Maybe I should start a poll on what Planet X option means.

My interpretation is that it means one or more of the following:

The question as stated either
Is unanswerable or unknowable,
Is too silly to answer,
Requires nuances not present in the answer choices,
Is Worded in such a biased manner as to make the poll useless,
Is far from being binary,
Is useless in solving the underlying problem,
Or
Something else not covered in this list.

In this 2nd Amendment poll, I would have voted Planet X.
 
In my opinion, the 2nd Amendment has a sunset clause. It guarantees the right to private gun ownership only so long as a citizen's militia is necessary for the security of a free state.

That condition expired at some point between the end of the Civil War (when a standing army was firmly established) and WWI (when weapons were created that made personal rifles irrelevant to modern warfare).
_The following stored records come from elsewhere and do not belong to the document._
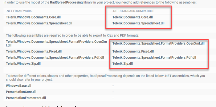 Since you're using SpreadProcessing libraries, you can find the required packages in RadSpreadProcessing Getting Started documentation. As this is .NET Core project, you need to use .NET Standard version, which is listed under the .NET STANDARD-COMPATIBLE section.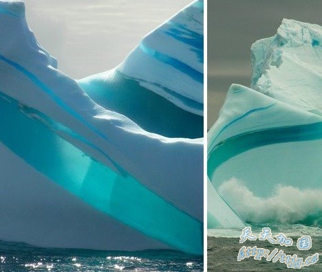 蓝色条纹冰山给人一种难以置信的感觉,它们的数量较其它条纹冰山相比稍多一些。由于大量微小气泡产生的影响,新冰通常呈白色。蓝冰条纹由灌入冰山裂缝的淡水所致,灌入之后迅速冻结。这种冰山实际上是透明的,之所以呈蓝色的原因在于:在红光被吸收过程中,光谱中的蓝光受到反射。左上图展示的条形码状冰山显得非常怪异,只在一半可视区域均匀分布着蓝色条纹。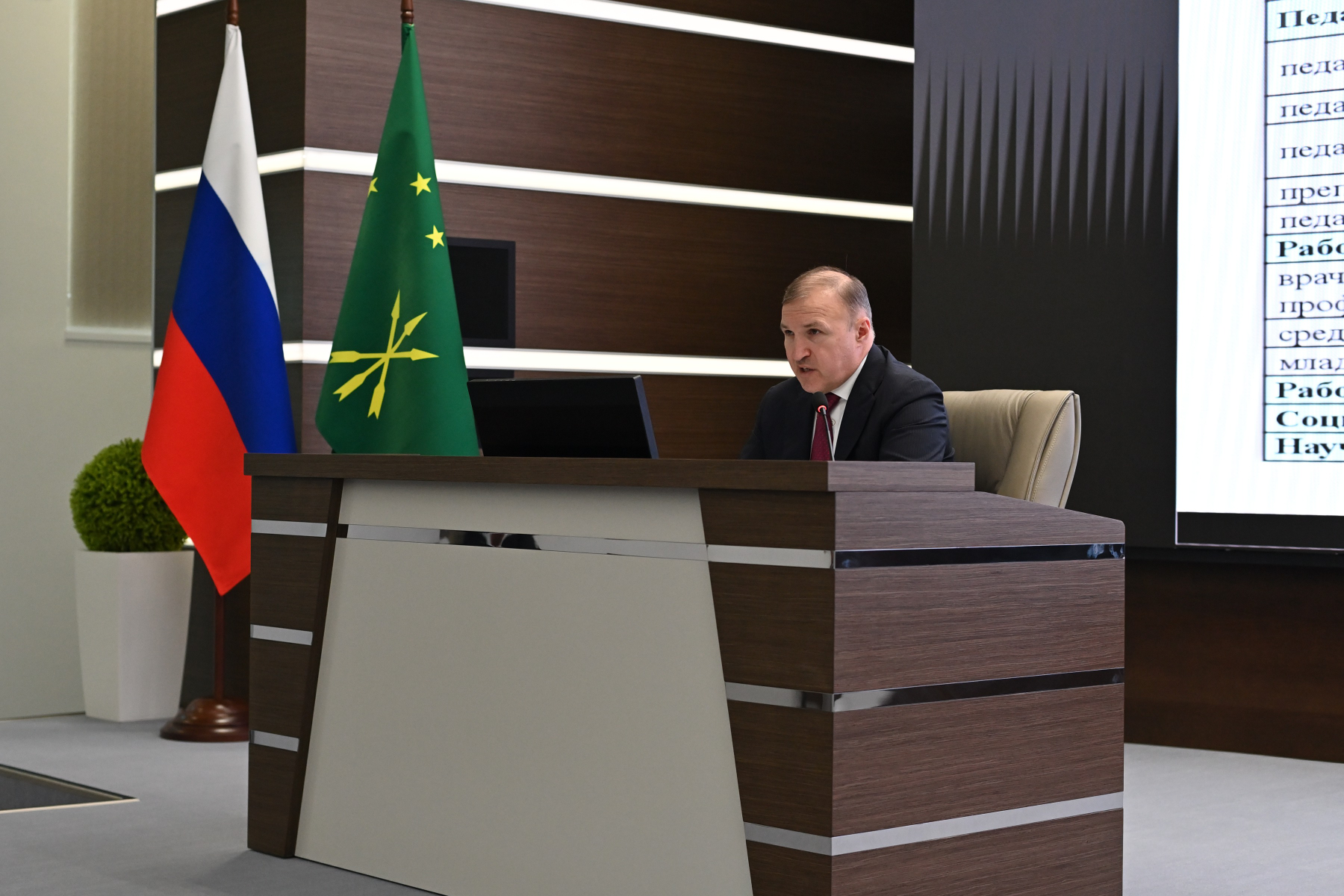 Лъэпкъ проектхэмрэ къэралыгъо программэхэмрэ ягъэцэкIэн зэрэкIорэм фэгъэхьыгъэ къэбарым щедэIугъэх АР-м иминистрэхэм я Кабинет изэхэсыгъо. Анахьэу анаIэ зытырагъэтыгъэр социальнэ лъэныкъомкIэ пшъэрылъхэу Урысыем и Президентэу Владимир Путиным Федеральнэ ЗэIукIэм фигъэхьыгъэ Тхылъым къыщигъэнэфагъэхэр ары.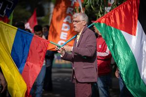 (260116) -- BOGOTA, 16 enero, 2026 (Xinhua) -- Imagen del 15 de enero de 2026 de un hombre sosteniendo banderas de Colombia y Palestina mientras participa en una manifestación frente a la Embajada de Estados Unidos, en Bogotá, capital de Colombia. Al menos un centenar de ciudadanos colombianos se manifestaron el jueves frente a la Embajada de Estados Unidos en Bogotá, la capital colombiana, para rechazar la injerencia de ese país en Latinoamérica, especialmente las acciones militares del pasado 3 de enero en Caracas y la captura del presidente venezolano, Nicolás Maduro. (Xinhua/Andrés Moreno) (am) (oa) (ra) (vf)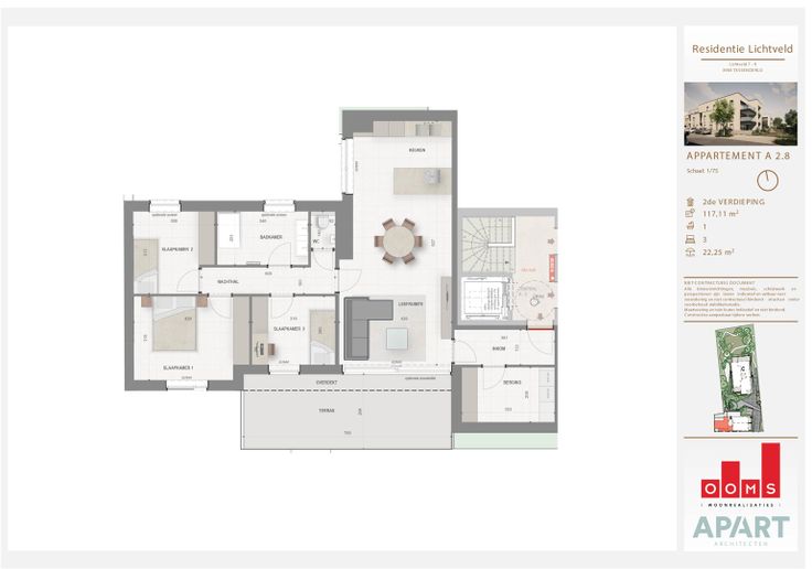 Appartement A2.8 is één van de 22 BEN-appartementen van nieuwbouwproject Lichtveld in Tessenderlo. Dit appartement is gelegen op wandelafstand van het centrum. In vogelvlucht zo'n 500 meter. Het is voorzien van alle modern wooncomfort, een luxueuze afwerking en energiezuinige technieken. Denk daarbij aan vloerverwarming en -koeling met warmtepomp, ventilatiesysteem D, (gemeenschappelijke) zonnepanelen, zonnewering (screens), uitgebreide intelligente elektrische installatie, toegangscontrole, ... Dit appartement heeft een oppervlakte van 117,11m² met een overdekt terras van 22,25m² en is gelegen op de tweede verdieping van Blok A dat zich tegen de straatzijde bevindt. Het appartement telt 3 slaapkamers, 1 badkamer, een ruime leefruimte met open keuken en een berging.   Renovatieplicht: onbekend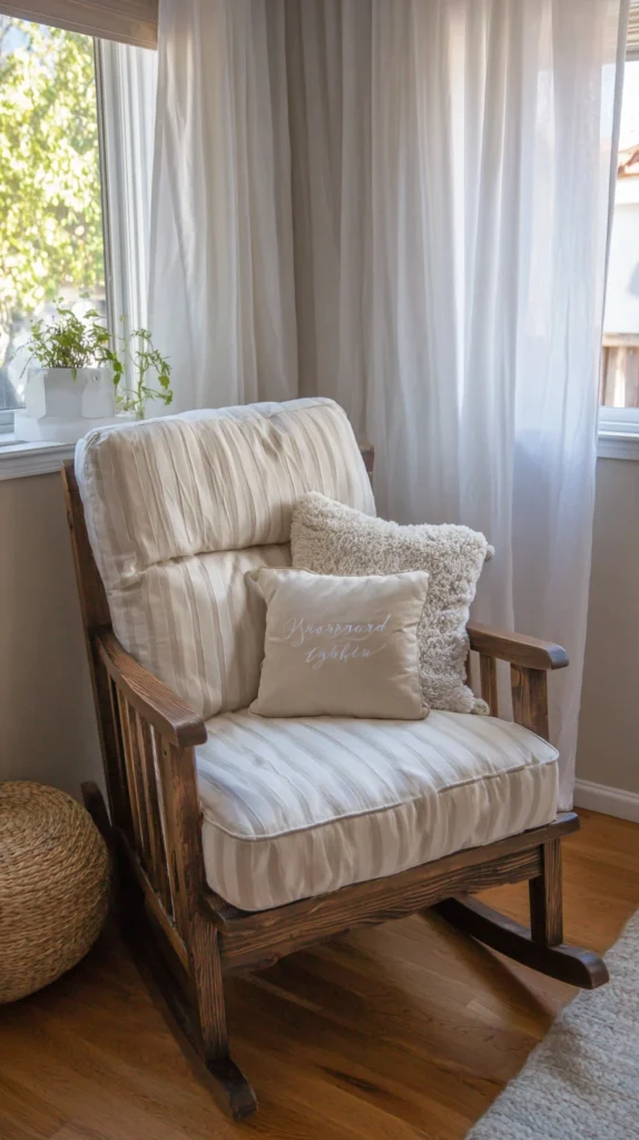 Add charming personalized details through custom name plaques, monogrammed cushions, or decorative signs making rockers feel specially designated and adding individual character beyond generic styling. Commission wooden name plaques reading “Grandma’s Chair” or family names creating sentimental touches, order monogrammed cushion covers featuring family initials, or hang small decorative signs near rockers with welcoming messages or family mottos.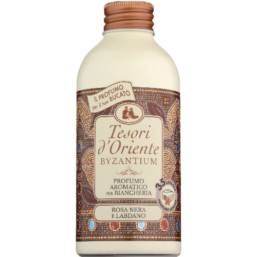 Koncentrovaný parfém na prádlo Tesori d´Oriente Byzantium daruje prádlu jedinečnou intenzivní dlouhotrvající vůni. Esence černé růže v harmonii s teplými tóny Labdanu očaruje vaše smysly a dodává příjemný pocit relaxace. Parfém proniká hluboko do vláken a prádlo tak zůstává svěží a voňavé po hodně dlouhou dobu. Parfém na prádlo neobsahuje změkčovadlo, proto je idální pro všechny druhy tkanin, také pro syntetiku a mikrovlákno.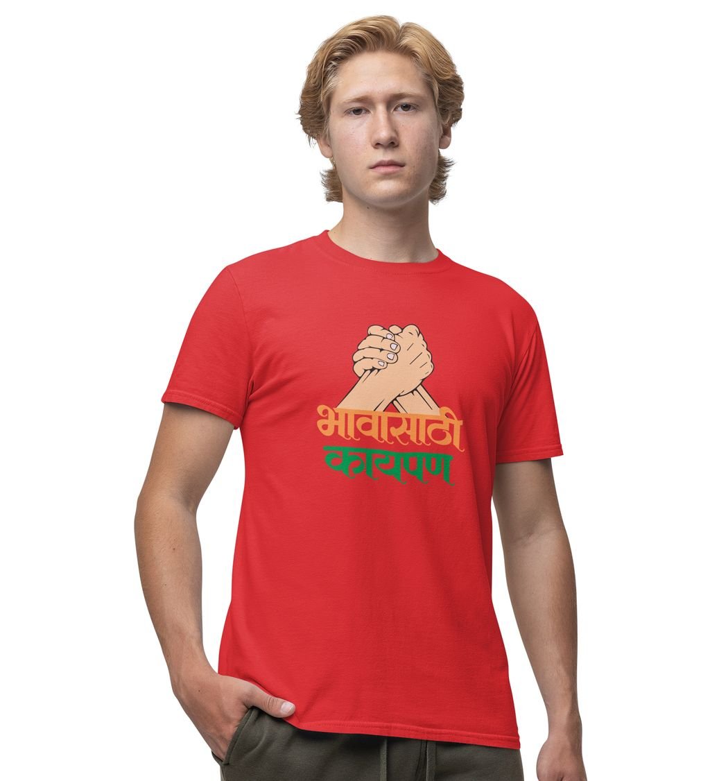 Maratha Bros Red Round Neck Cotton Half Sleeved Mens T Shirt with Printed Graphics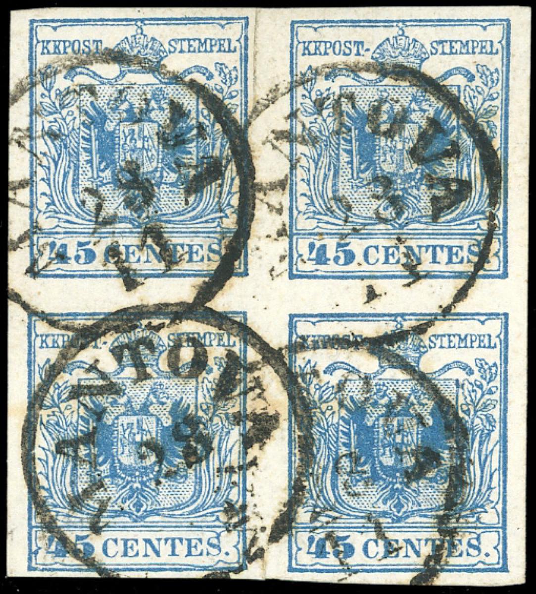 1856 - 45 cent. azzurro, carta a macchina (22), blocco di quattro, usato a Mantova, perfetto. Splendido e raro! A.Diena per esteso, cert. Ferrario.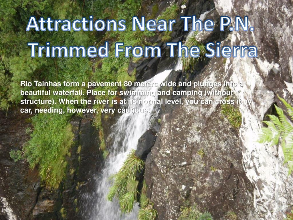 Attractions Near The P.N. Trimmed From The Sierra Rio Tainhas form a pavement 80 meters wide and plunges into a beautiful waterfall. Place for swimming and camping (without structure). When the river is at its normal level, you can cross it by car, needing, however, very cautious.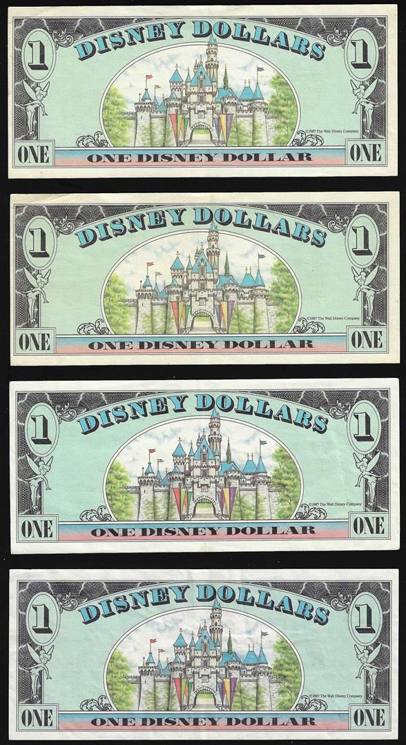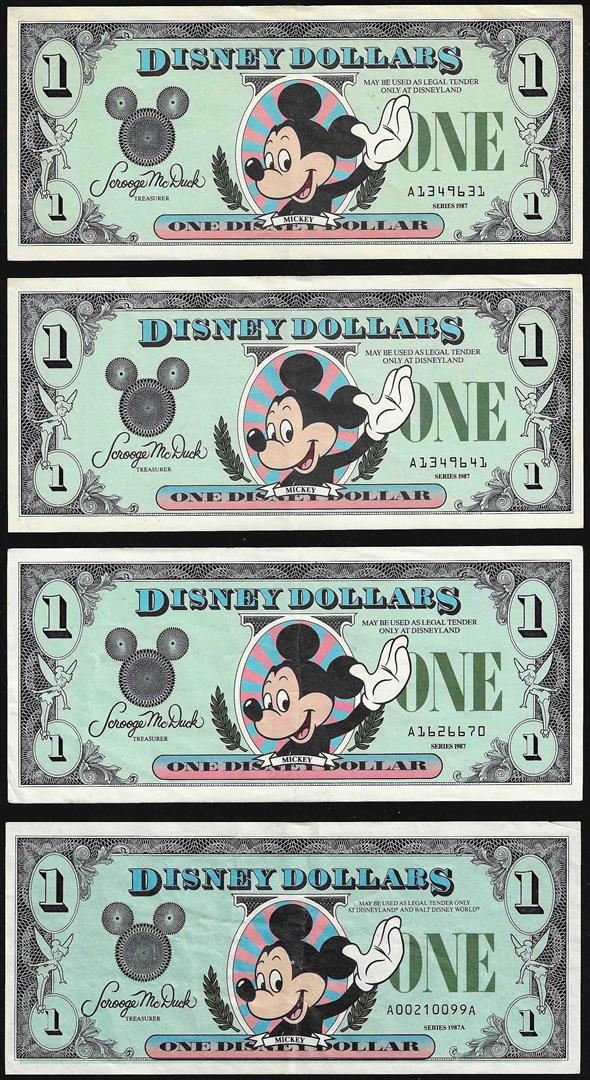 One Lot of (4) 1987 $1 Disney Dollar Notes.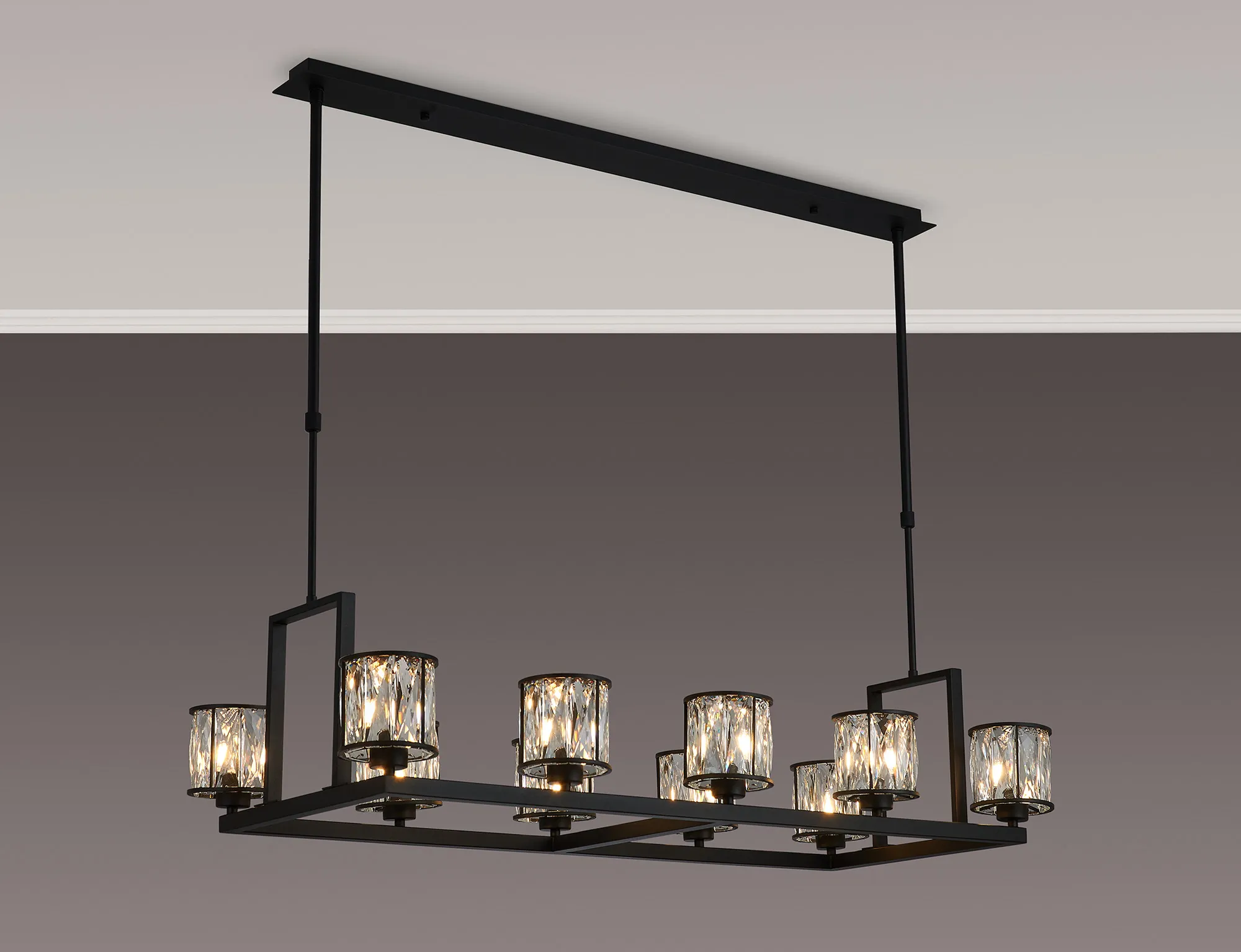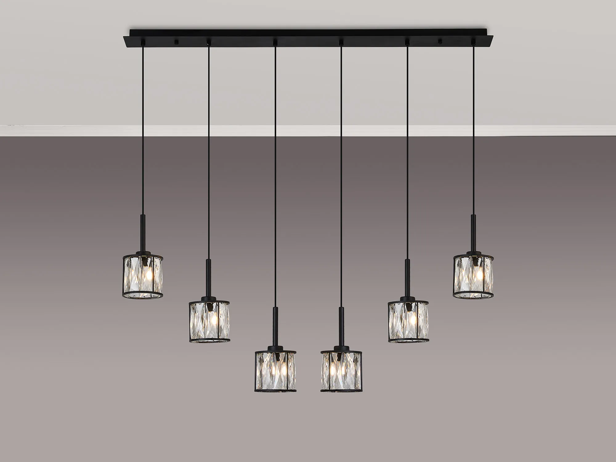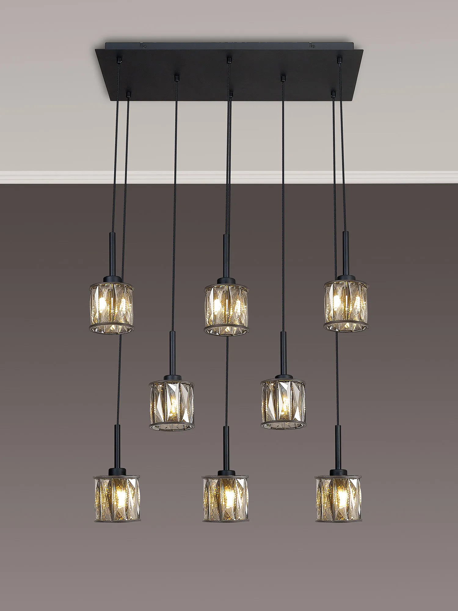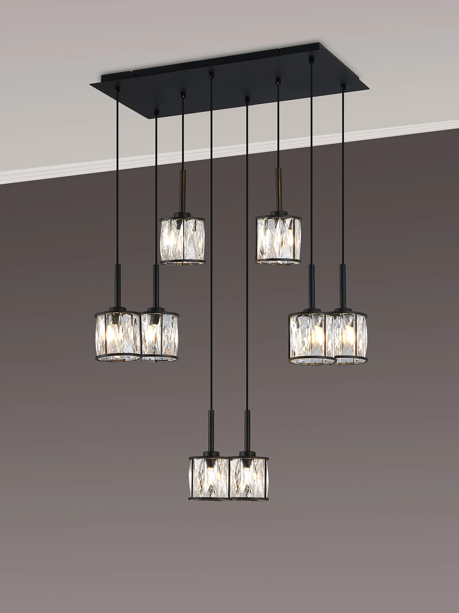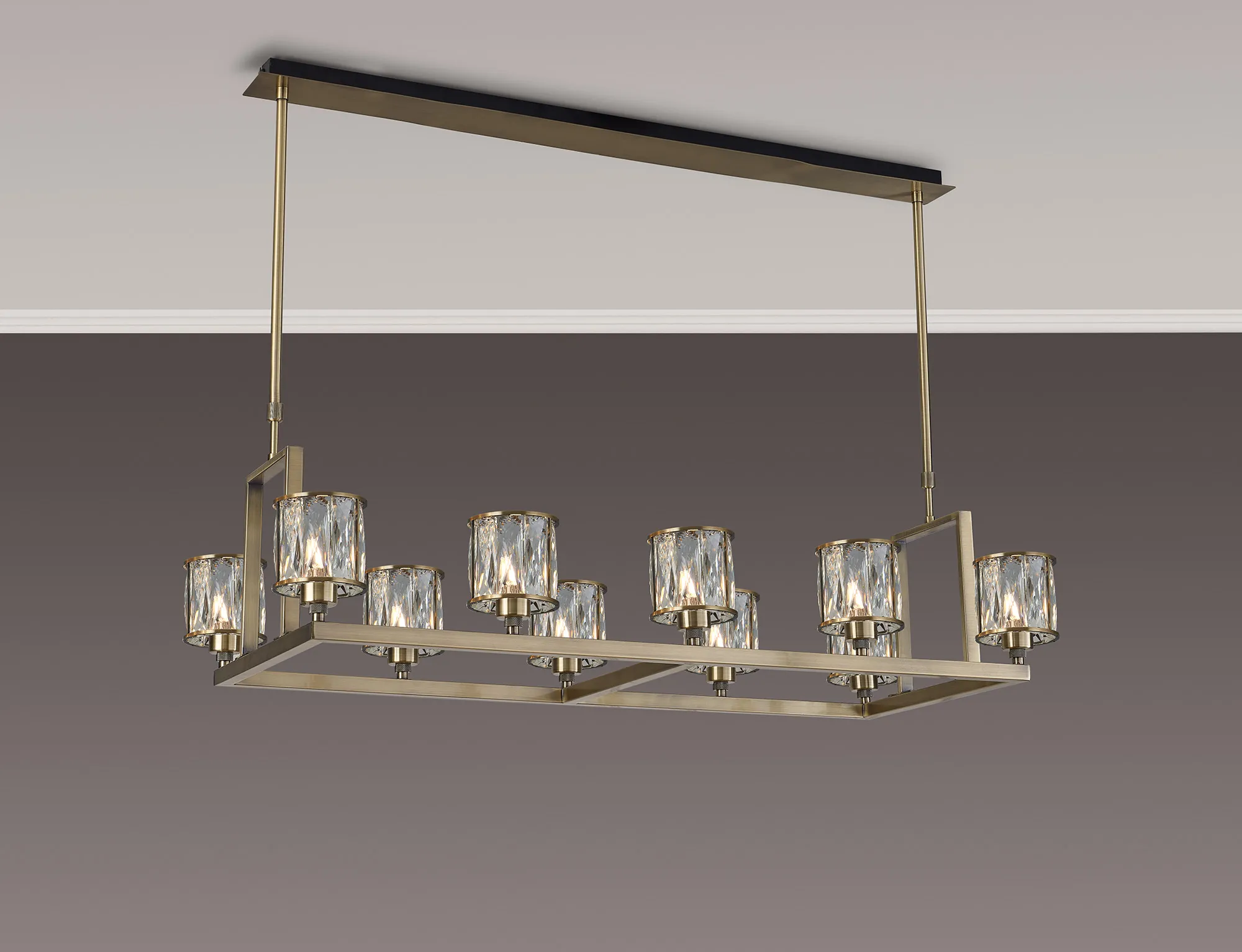Picton 8 Light G9 2m Rectangle Multiple Pendant With Polished Chrome/Crystal Shade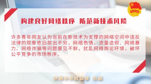 许多青年网友认为当前在新技术为支撑的网络空间中违反法律的现象依旧层出不穷,网络色情、流量造假、网络暴力、网络诈骗等问题屡见不鲜,扰乱网络舆论环境,破坏公平竞争的市场秩序。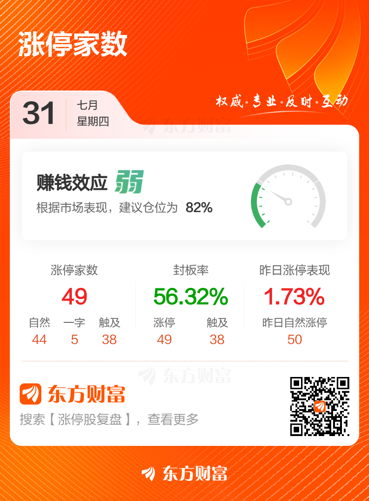 今天沪指跌1.18%,深成指跌1.73%,创业板指跌1.66%,今日大盘成交额1.94万亿,较上个交易日放量917.56亿。 涨停个股数量方面,今日共计49股涨停,另有38只个股盘中一度触及涨停,封板率56.32%。 ![]() 个股方面 ![]() 免责声明:本文基于AI生产,仅供参考,不构成任何投资建议,据此操作风险自担。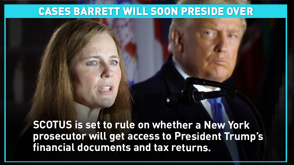 In her first week on the court, Barrett is expected to hear a range of important cases, including cases related to the 2020 election. Here are three cases Barrett will preside over in the coming days: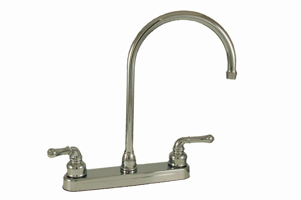 The Empire Faucet 10-2372 is a high-quality kitchen faucet designed for durability and ease of use. This single-piece, 8-inch deck-mount faucet features a gooseneck spout and two teapot handles, making it a practical addition to any kitchen setup.

In my opinion, the 2nd Amendment no longer applies. I am aware that my opinion is not accepted by any actual court or tribunal, let alone the Supreme Court.

My take on it, in a nutshell.
 
It says neither of those things. As far as private ownership goes it says the government cannot infringe on the right to keep and bear arms. It, like the 1st Amendment, does not grant rights it protects rights from government infringement.

Where did these initial "rights" come from then? God-given in the 11th Commandment?
 
Where did these initial "rights" come from then? God-given in the 11th Commandment?

According to a lot of gun folks I know, that's exactly where those rights came from :rolleyes:

We hold these truths to be self-evident, that all men are created equal, that they are endowed by their Creator with certain unalienable Rights, that among these are Life, Liberty and the pursuit of Happiness.

http://en.wikipedia.org/wiki/United_States_Declaration_of_Independence

The Bill of Rights just enumerates which of these rights the authors held to be unalienable.